EXERCISE: The required answer is an exact copy of the records below, without pictures.

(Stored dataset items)
++++++++++
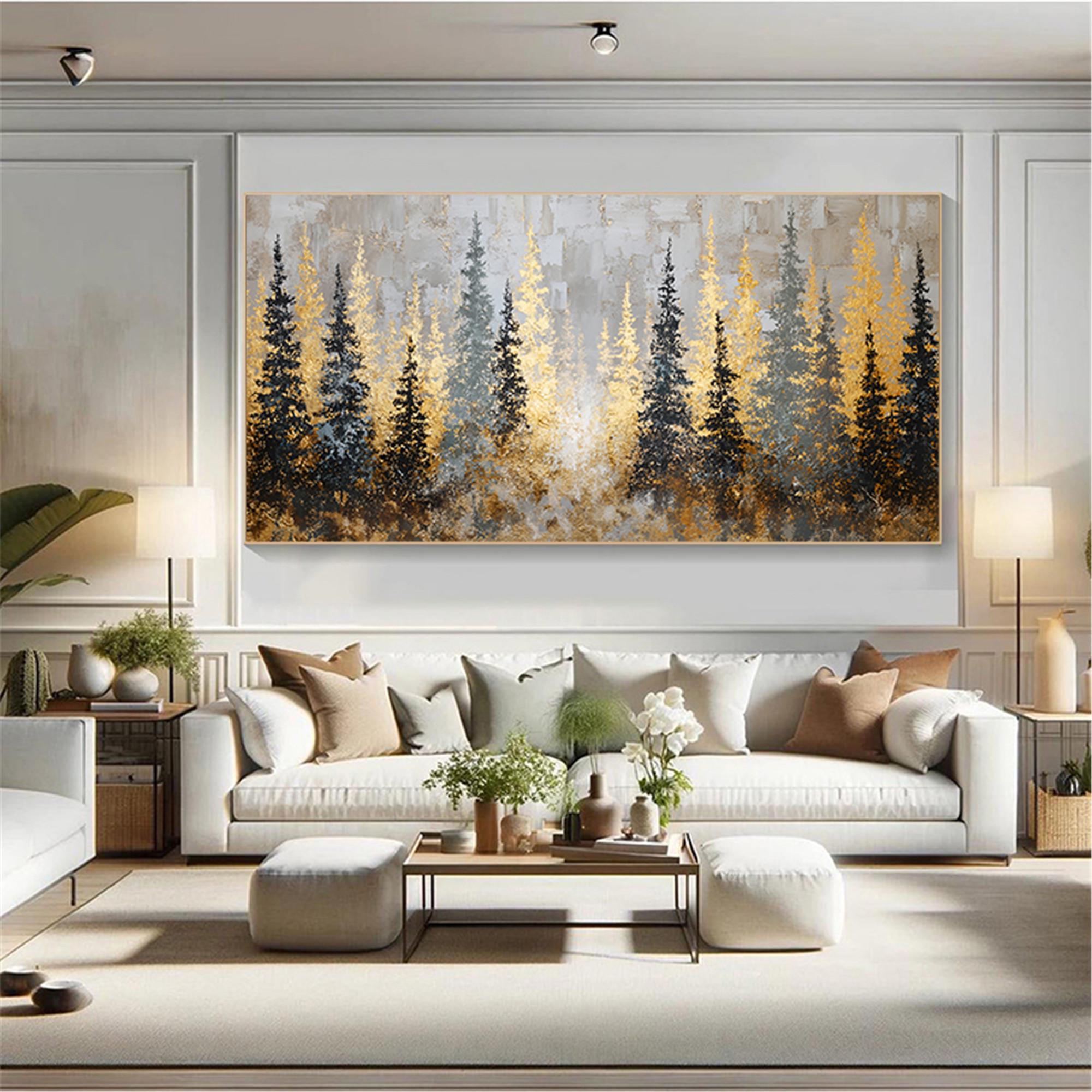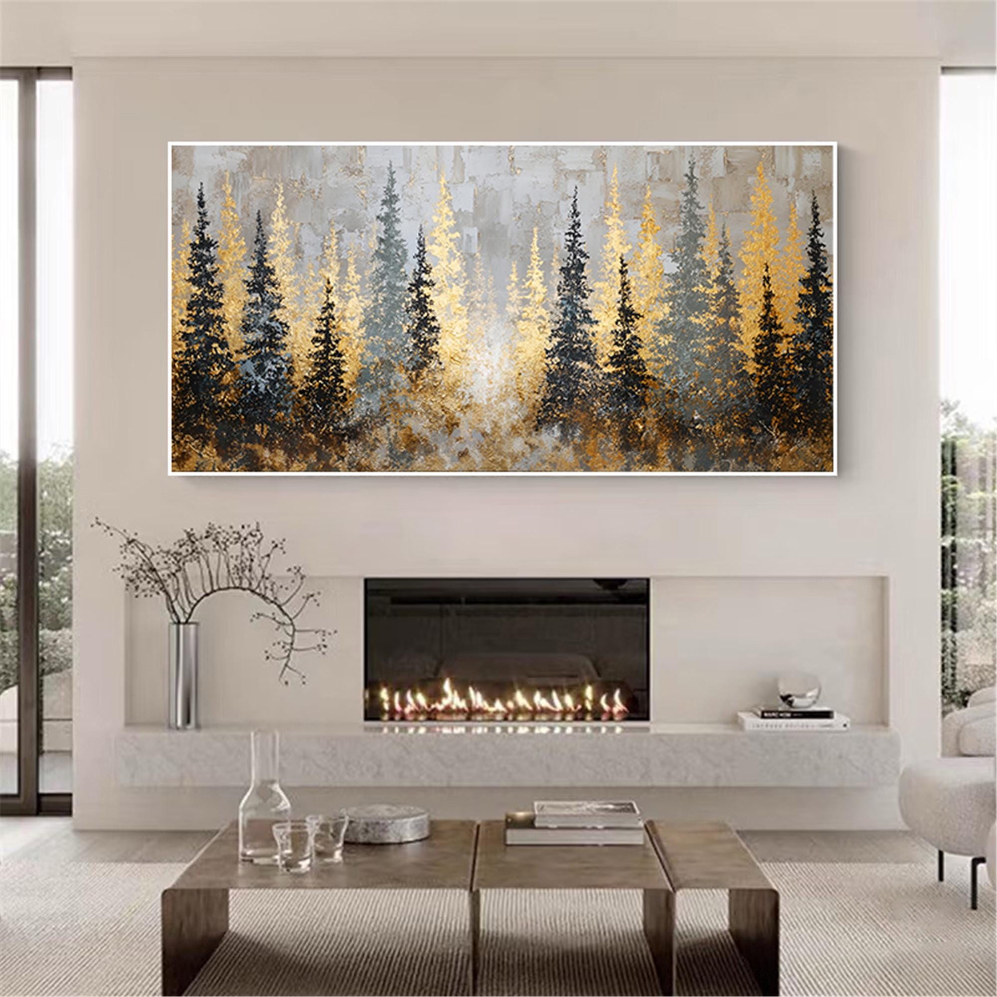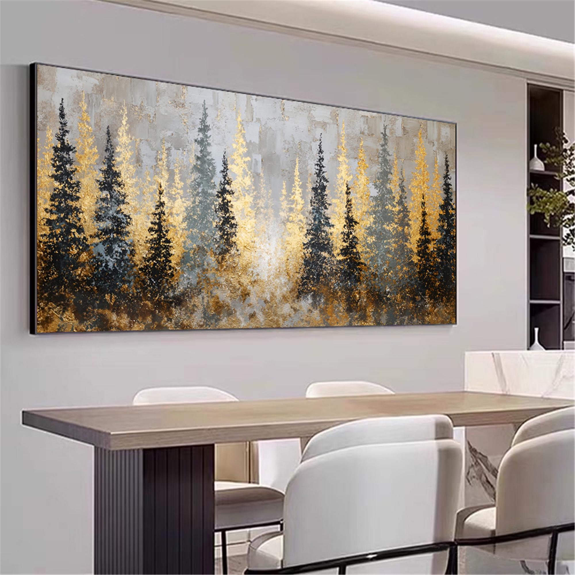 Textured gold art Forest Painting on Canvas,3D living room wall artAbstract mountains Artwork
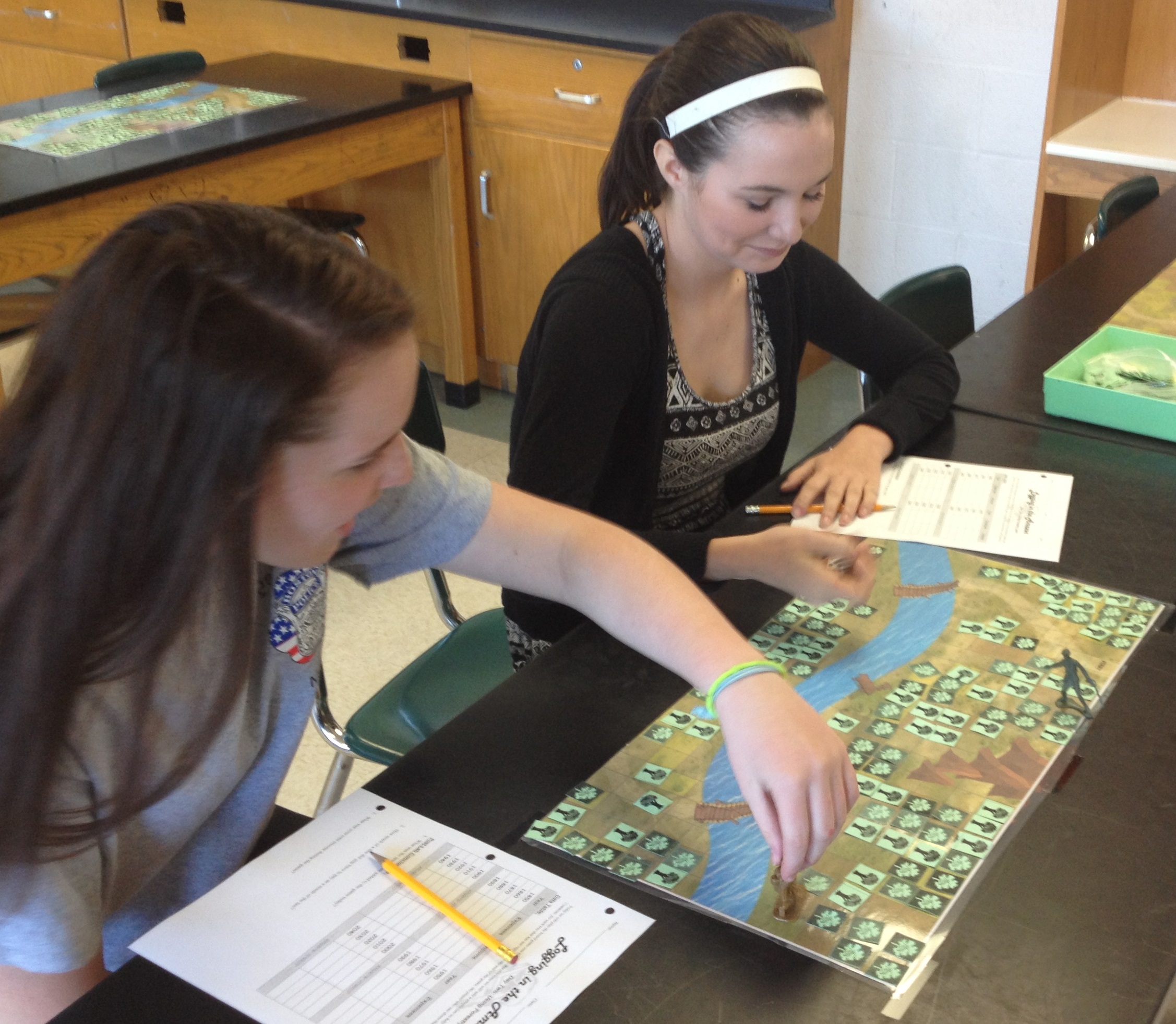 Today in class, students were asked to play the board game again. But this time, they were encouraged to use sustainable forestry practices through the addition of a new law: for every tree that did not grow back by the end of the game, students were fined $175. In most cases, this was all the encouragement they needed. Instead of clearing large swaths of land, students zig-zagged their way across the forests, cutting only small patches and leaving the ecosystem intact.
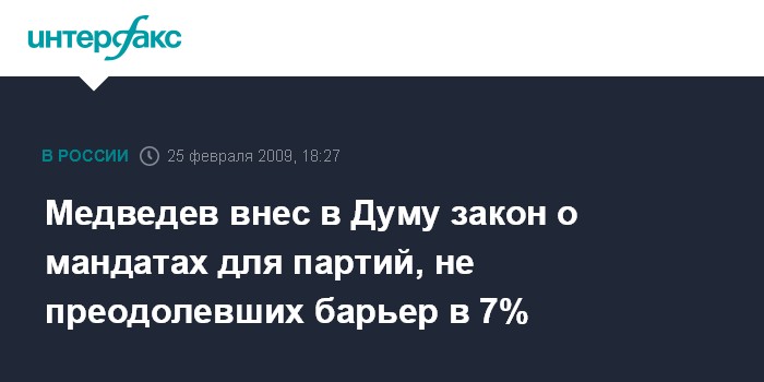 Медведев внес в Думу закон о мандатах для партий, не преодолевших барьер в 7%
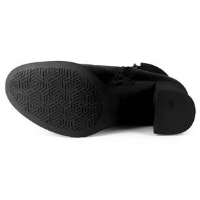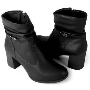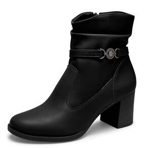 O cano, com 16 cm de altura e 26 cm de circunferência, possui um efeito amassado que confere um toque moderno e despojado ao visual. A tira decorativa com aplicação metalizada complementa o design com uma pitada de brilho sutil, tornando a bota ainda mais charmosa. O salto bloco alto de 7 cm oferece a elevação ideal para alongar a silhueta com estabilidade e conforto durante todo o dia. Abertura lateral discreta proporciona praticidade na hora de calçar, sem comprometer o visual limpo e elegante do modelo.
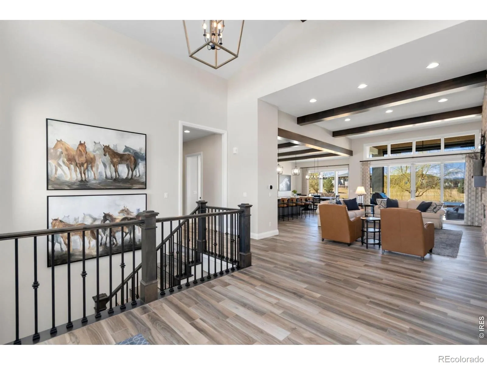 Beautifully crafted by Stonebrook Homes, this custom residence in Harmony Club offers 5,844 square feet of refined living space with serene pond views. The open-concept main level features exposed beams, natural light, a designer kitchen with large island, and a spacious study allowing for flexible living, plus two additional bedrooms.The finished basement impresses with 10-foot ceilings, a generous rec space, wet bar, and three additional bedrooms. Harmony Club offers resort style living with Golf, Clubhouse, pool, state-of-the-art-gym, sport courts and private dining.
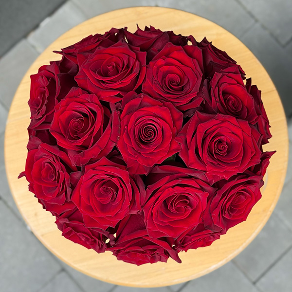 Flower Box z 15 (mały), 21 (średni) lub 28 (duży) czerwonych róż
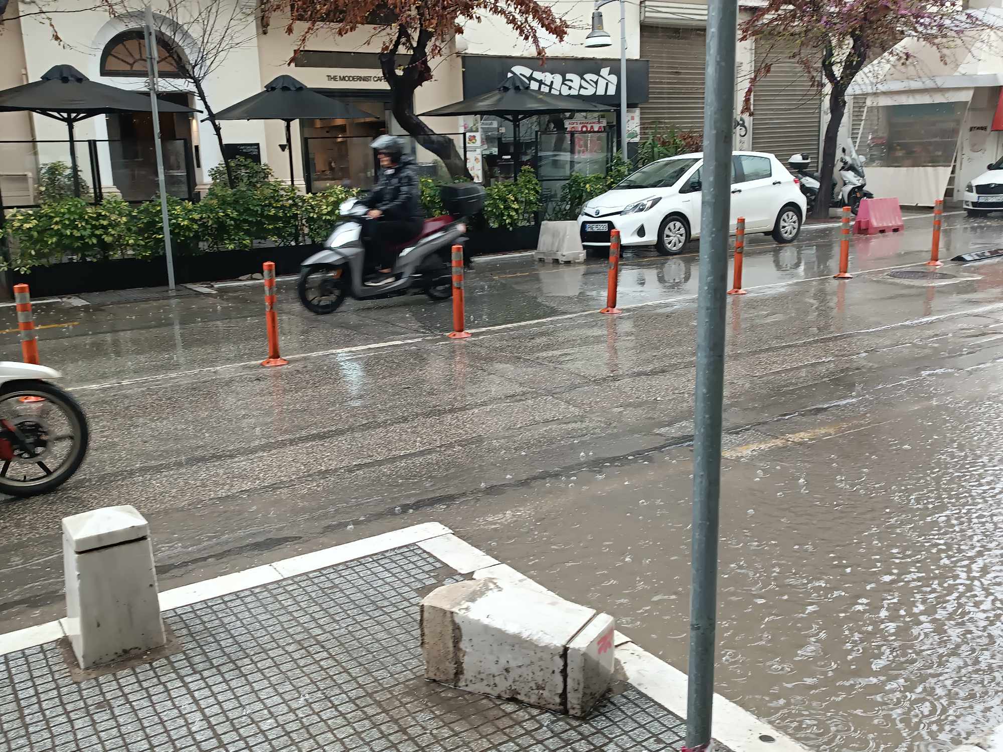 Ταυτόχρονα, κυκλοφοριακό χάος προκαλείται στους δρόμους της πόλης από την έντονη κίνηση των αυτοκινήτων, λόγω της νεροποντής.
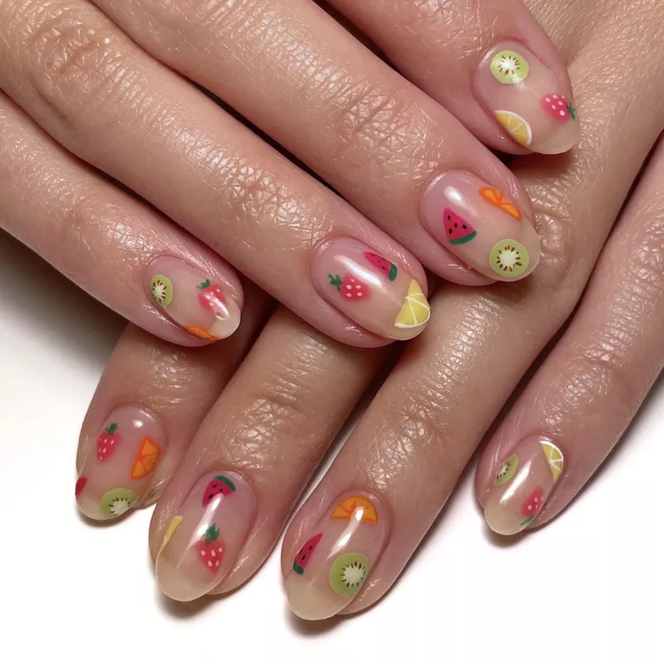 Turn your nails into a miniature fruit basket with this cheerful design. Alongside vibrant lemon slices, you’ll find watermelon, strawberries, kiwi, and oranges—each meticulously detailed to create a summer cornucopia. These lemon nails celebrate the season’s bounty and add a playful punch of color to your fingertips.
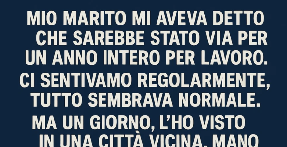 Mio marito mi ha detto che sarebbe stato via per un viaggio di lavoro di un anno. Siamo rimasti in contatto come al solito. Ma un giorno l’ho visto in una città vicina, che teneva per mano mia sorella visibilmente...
++++++++++
RESULT OF THE TASK:
 Textured gold art Forest Painting on Canvas,3D living room wall artAbstract mountains Artwork
 Today in class, students were asked to play the board game again. But this time, they were encouraged to use sustainable forestry practices through the addition of a new law: for every tree that did not grow back by the end of the game, students were fined $175. In most cases, this was all the encouragement they needed. Instead of clearing large swaths of land, students zig-zagged their way across the forests, cutting only small patches and leaving the ecosystem intact.
 Медведев внес в Думу закон о мандатах для партий, не преодолевших барьер в 7%
 O cano, com 16 cm de altura e 26 cm de circunferência, possui um efeito amassado que confere um toque moderno e despojado ao visual. A tira decorativa com aplicação metalizada complementa o design com uma pitada de brilho sutil, tornando a bota ainda mais charmosa. O salto bloco alto de 7 cm oferece a elevação ideal para alongar a silhueta com estabilidade e conforto durante todo o dia. Abertura lateral discreta proporciona praticidade na hora de calçar, sem comprometer o visual limpo e elegante do modelo.
 Beautifully crafted by Stonebrook Homes, this custom residence in Harmony Club offers 5,844 square feet of refined living space with serene pond views. The open-concept main level features exposed beams, natural light, a designer kitchen with large island, and a spacious study allowing for flexible living, plus two additional bedrooms.The finished basement impresses with 10-foot ceilings, a generous rec space, wet bar, and three additional bedrooms. Harmony Club offers resort style living with Golf, Clubhouse, pool, state-of-the-art-gym, sport courts and private dining.
 Flower Box z 15 (mały), 21 (średni) lub 28 (duży) czerwonych róż
 Ταυτόχρονα, κυκλοφοριακό χάος προκαλείται στους δρόμους της πόλης από την έντονη κίνηση των αυτοκινήτων, λόγω της νεροποντής.
 Turn your nails into a miniature fruit basket with this cheerful design. Alongside vibrant lemon slices, you’ll find watermelon, strawberries, kiwi, and oranges—each meticulously detailed to create a summer cornucopia. These lemon nails celebrate the season’s bounty and add a playful punch of color to your fingertips.
 Mio marito mi ha detto che sarebbe stato via per un viaggio di lavoro di un anno. Siamo rimasti in contatto come al solito. Ma un giorno l’ho visto in una città vicina, che teneva per mano mia sorella visibilmente...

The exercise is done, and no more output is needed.